BIG NEWS TODAY...VIT! CONSOLIDATION: WILL TRADE AT $6.90

BIG NEWS TODAY...VIT! CONSOLIDATION: WILL TRADE AT $6.90

Victoria Gold sets rollback date, changes year-end

2019-11-18 07:27 ET - News ReleaseMr. John McConnell reports

VICTORIA GOLD: SHARE CONSOLIDATION AND CHANGE IN YEAR END

Victoria Gold Corp. is proceeding with the consolidation of its common shares and is changing its fiscal year-end.

"We have recently achieved significant milestones including: completion of construction of the Eagle gold mine in July, 2019, completion of commissioning in August, 2019, and pouring of the first gold dore bar in September, 2019. Our next significant milestone will be commercial production in 2020," stated John McConnell, president and chief executive officer. 

"Transitioning into Canada's newest gold producer will be accompanied by a number of changes, including Victoria's capital structure and financial reporting.
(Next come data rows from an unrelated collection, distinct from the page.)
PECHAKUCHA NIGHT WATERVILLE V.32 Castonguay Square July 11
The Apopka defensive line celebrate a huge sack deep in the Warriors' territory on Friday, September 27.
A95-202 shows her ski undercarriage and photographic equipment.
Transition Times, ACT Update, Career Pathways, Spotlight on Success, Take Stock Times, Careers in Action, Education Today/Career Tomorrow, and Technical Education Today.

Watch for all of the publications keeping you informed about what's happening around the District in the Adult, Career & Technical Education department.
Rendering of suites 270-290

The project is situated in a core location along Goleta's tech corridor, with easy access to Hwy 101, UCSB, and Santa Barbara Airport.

We also intend to apply to uplist to the Toronto Stock Exchange later this year."

Currently, a total of 858,394,437 common shares are issued and outstanding. Upon the effective date of the share consolidation, on the basis of 15 existing common shares for one new common share, a total of approximately 57,226,296 common shares will be issued and outstanding. The effective date of the share consolidation will be Nov. 20, 2019.

As outlined in the management proxy circular dated Aug. 28, 2019, and approved by shareholders at the annual general and special meeting held on Oct. 8, 2019, the company's board of directors believes that it is in the best interests of the company to adjust its capital structure through the consolidation of its common shares.
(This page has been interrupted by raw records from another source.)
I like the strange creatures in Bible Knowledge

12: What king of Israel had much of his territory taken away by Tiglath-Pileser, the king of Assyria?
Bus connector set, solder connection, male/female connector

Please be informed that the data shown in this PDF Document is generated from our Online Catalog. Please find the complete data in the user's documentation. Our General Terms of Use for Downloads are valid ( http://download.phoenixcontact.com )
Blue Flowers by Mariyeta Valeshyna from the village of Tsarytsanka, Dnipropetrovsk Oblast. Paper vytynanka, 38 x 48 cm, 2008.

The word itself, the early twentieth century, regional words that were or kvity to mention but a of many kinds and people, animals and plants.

The potential benefits of the consolidation include:

 

  1. Greater investor interest: As a new and growing gold producer, Victoria is expected to appeal to many new investors. The primary motive for the equity consolidation is to expand the eligibility of Victoria common shares for institutional investors, stock exchanges, indexes and investment funds, including exchange traded funds. With the increasing prevalence of passive trading rather than active fundamental investing, the company intends to ensure that Victoria is not prohibited due to minimum share price screening.
  2. Improved trading liquidity: An increased interest from investors may improve trading liquidity of the common shares.
  3. Brand image: Victoria is graduating from an explorer/developer to a producer. An analysis of Victoria's new peer group of North American junior producers indicates that this restructuring of common share capital is appropriate.

 

The company's common shares will continue trading on the TSX Venture Exchange on a consolidated basis under the same trading symbol, VIT, on Nov. 20, 2019. The new Cusip number and ISIN for the consolidated shares are 92625W507 and CA92625W5072, respectively. Shareholders who hold their shares through a securities broker or dealer, bank or trust company, will not be required to take any action with respect to the share consolidation. Letters of transmittal will be mailed to the registered holders of the company's common shares, requesting that they forward their preconsolidation share certificates to the company's transfer agent, Computershare Investor Services Inc., in exchange for new share certificates representing their common shares on a postconsolidation basis. No fractional shares will be issued in connection with the share consolidation. The share consolidation has been approved the company's board of directors and has received approval from the TSX Venture Exchange. 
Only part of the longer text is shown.